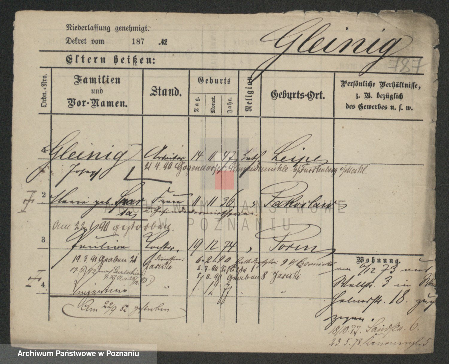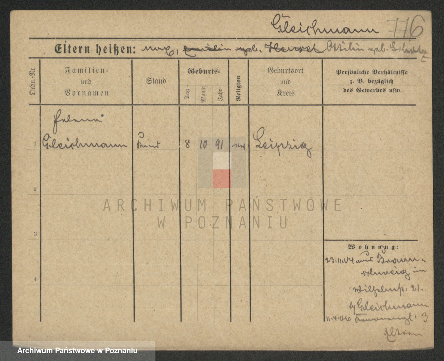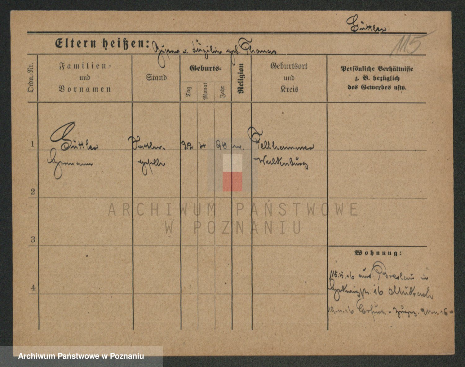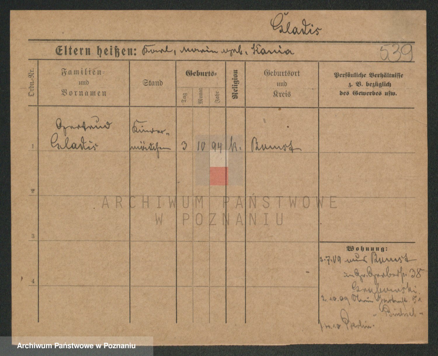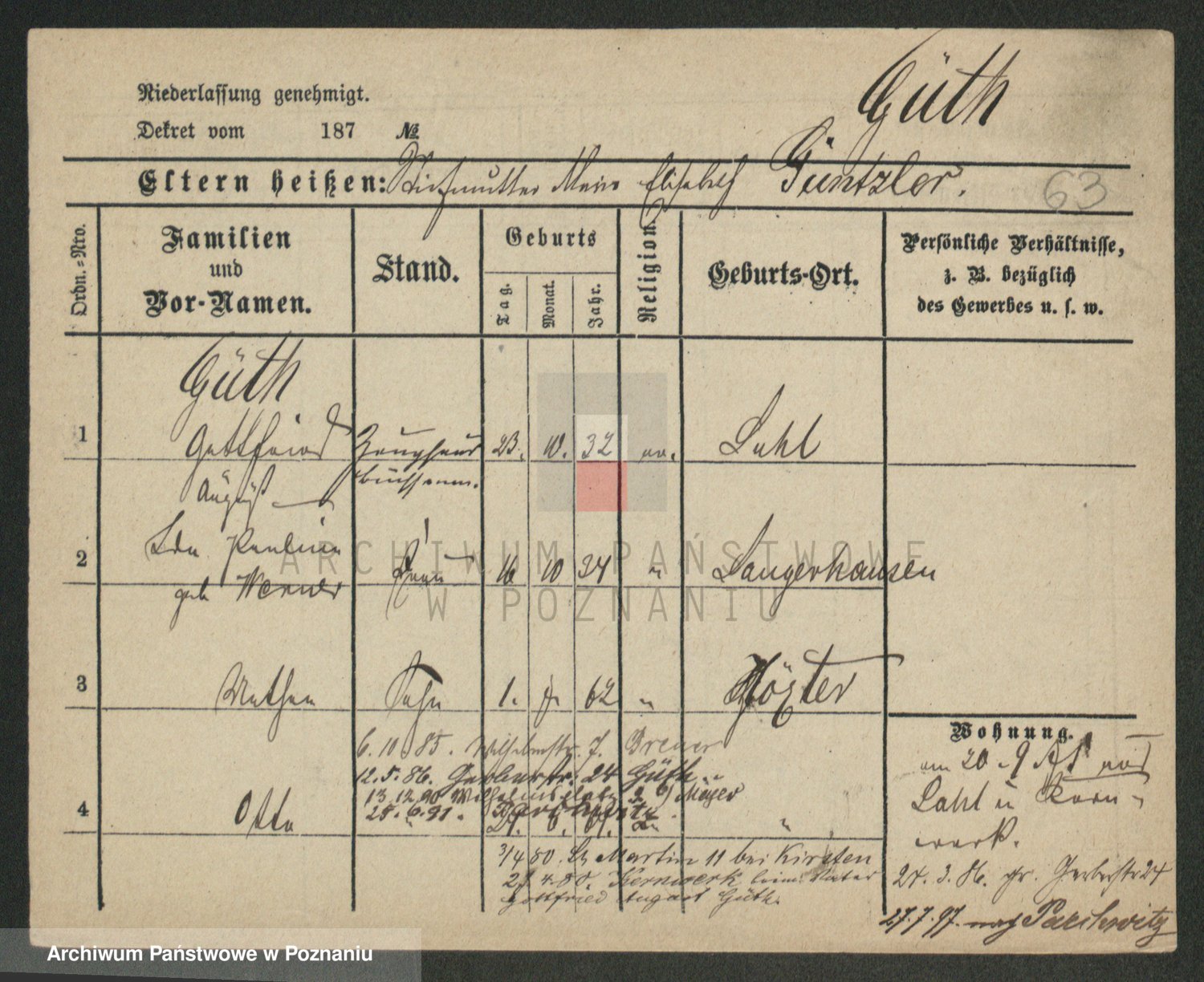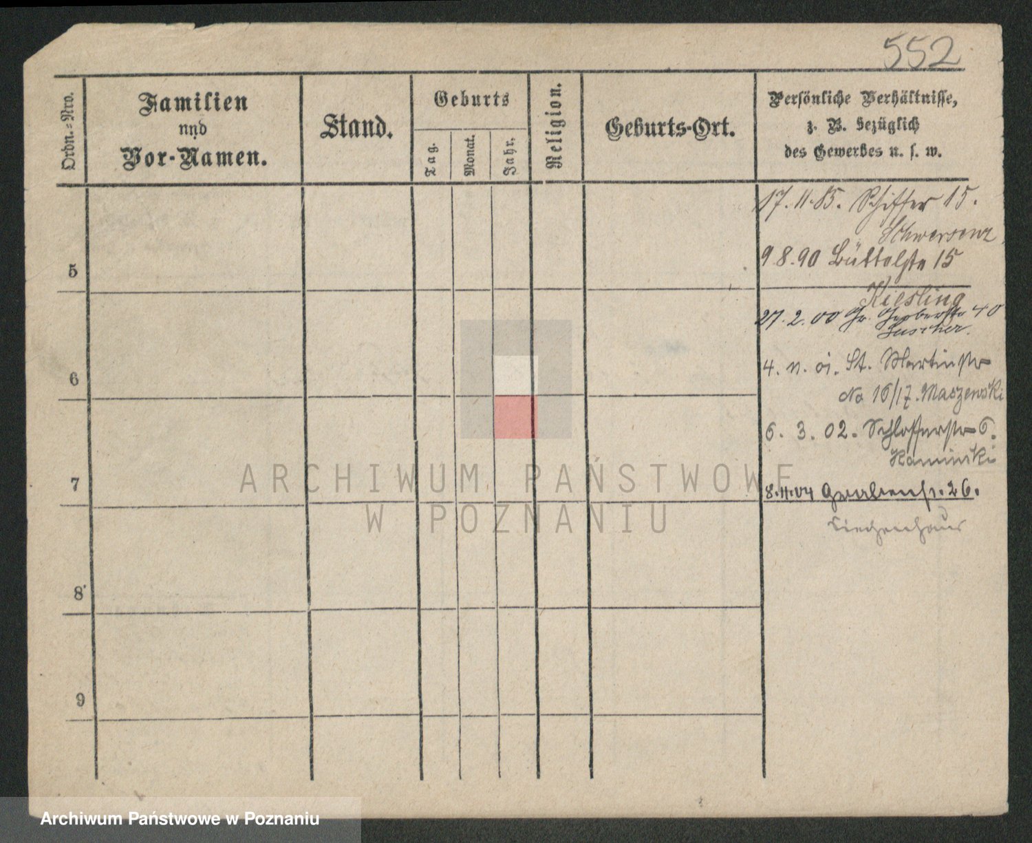 Podgląd karty osobowej dostępny jest po kliknięciu na nazwisko lub ikonkę karty. Można dokonywać powiększenia (ikony na górze) lub przechodzić między kolejnymi skanami (strzałki po bokach).
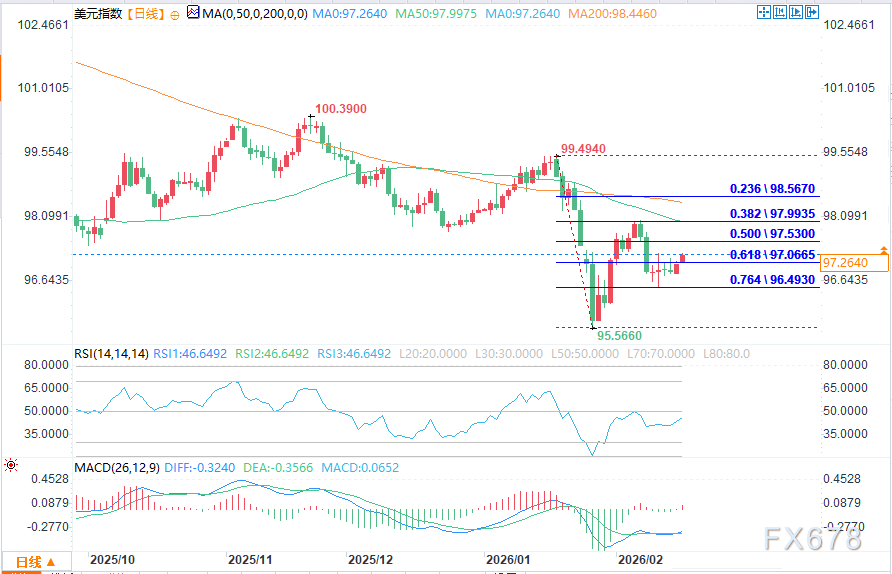 美元稳健得益于三重支撑与博弈:一是油价支撑,伊朗在霍尔木兹海峡的军事演习推升油价,叠加美元短期低估,为美元提供助力,且截至3月底美国对伊朗发动打击的概率接近40%,局势升级或进一步强化油价对美元的支撑;二是经济数据分化,美国1月非农数据亮眼(13万人、失业率4.3%)助推美元反弹,但CPI回落(2.7%至2.4%)加码降息押注,两者形成制衡;三是避险需求,美股“2月寒流”与AI恐慌情绪,增强了美元的避险吸引力。
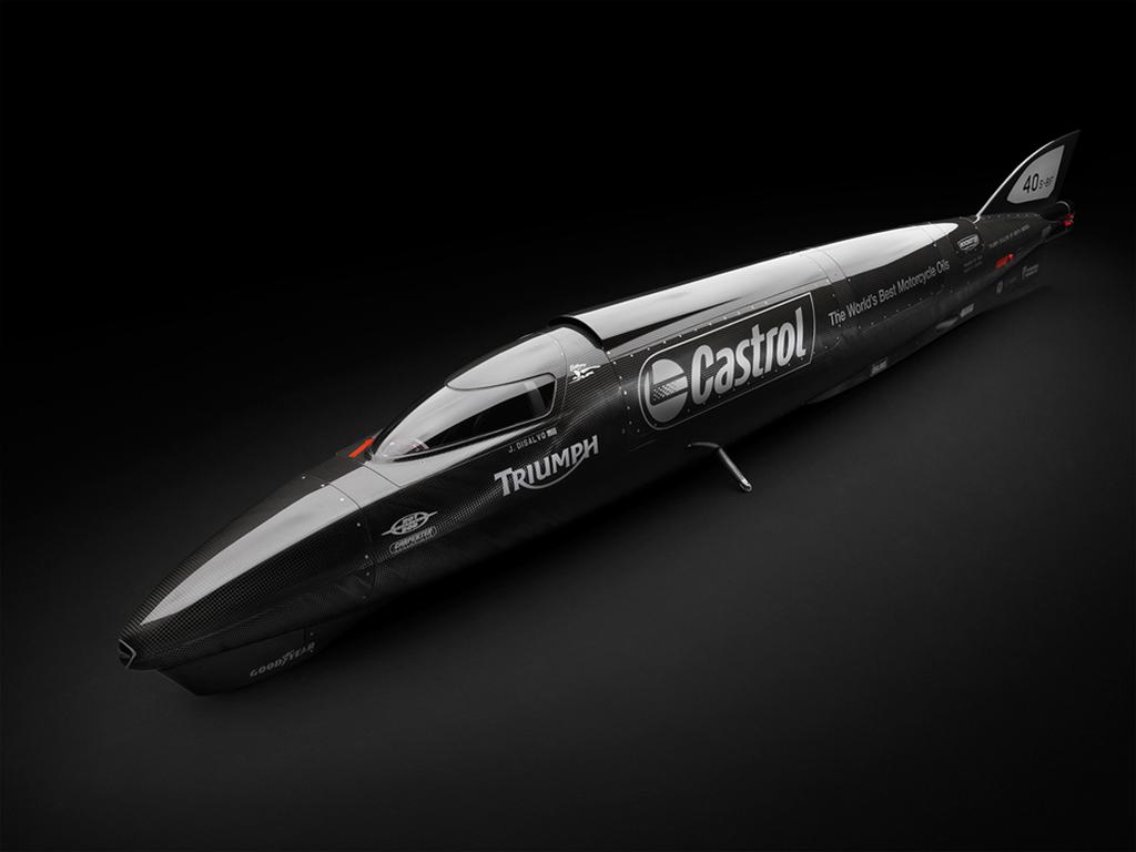 The 25 feet long Triumph Rocket Streamliner is a project of Hot Rod Conspiracy and Carpenter Racing in collaboration with Castrol Motorcycle and Powersports Products. Powered by Methanol fuel, the Streamliner uses a Carbon Kevlar monocoque construction running on custom made suspension by Hot Rod Conspiracy and Goodyear Land Speed Special Tyres.
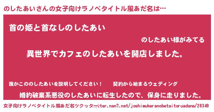 | 男性向けラノベタイトル風あだ名 | 『誰もが恐れるあののしたあいが、ぼくの専属メイドになるようです。』 |

● Your assignment: Repeat the data above exactly; images are not part of the copy.

● Task response:
 Podgląd karty osobowej dostępny jest po kliknięciu na nazwisko lub ikonkę karty. Można dokonywać powiększenia (ikony na górze) lub przechodzić między kolejnymi skanami (strzałki po bokach).
 美元稳健得益于三重支撑与博弈:一是油价支撑,伊朗在霍尔木兹海峡的军事演习推升油价,叠加美元短期低估,为美元提供助力,且截至3月底美国对伊朗发动打击的概率接近40%,局势升级或进一步强化油价对美元的支撑;二是经济数据分化,美国1月非农数据亮眼(13万人、失业率4.3%)助推美元反弹,但CPI回落(2.7%至2.4%)加码降息押注,两者形成制衡;三是避险需求,美股“2月寒流”与AI恐慌情绪,增强了美元的避险吸引力。
 The 25 feet long Triumph Rocket Streamliner is a project of Hot Rod Conspiracy and Carpenter Racing in collaboration with Castrol Motorcycle and Powersports Products. Powered by Methanol fuel, the Streamliner uses a Carbon Kevlar monocoque construction running on custom made suspension by Hot Rod Conspiracy and Goodyear Land Speed Special Tyres.
 | 男性向けラノベタイトル風あだ名 | 『誰もが恐れるあののしたあいが、ぼくの専属メイドになるようです。』 |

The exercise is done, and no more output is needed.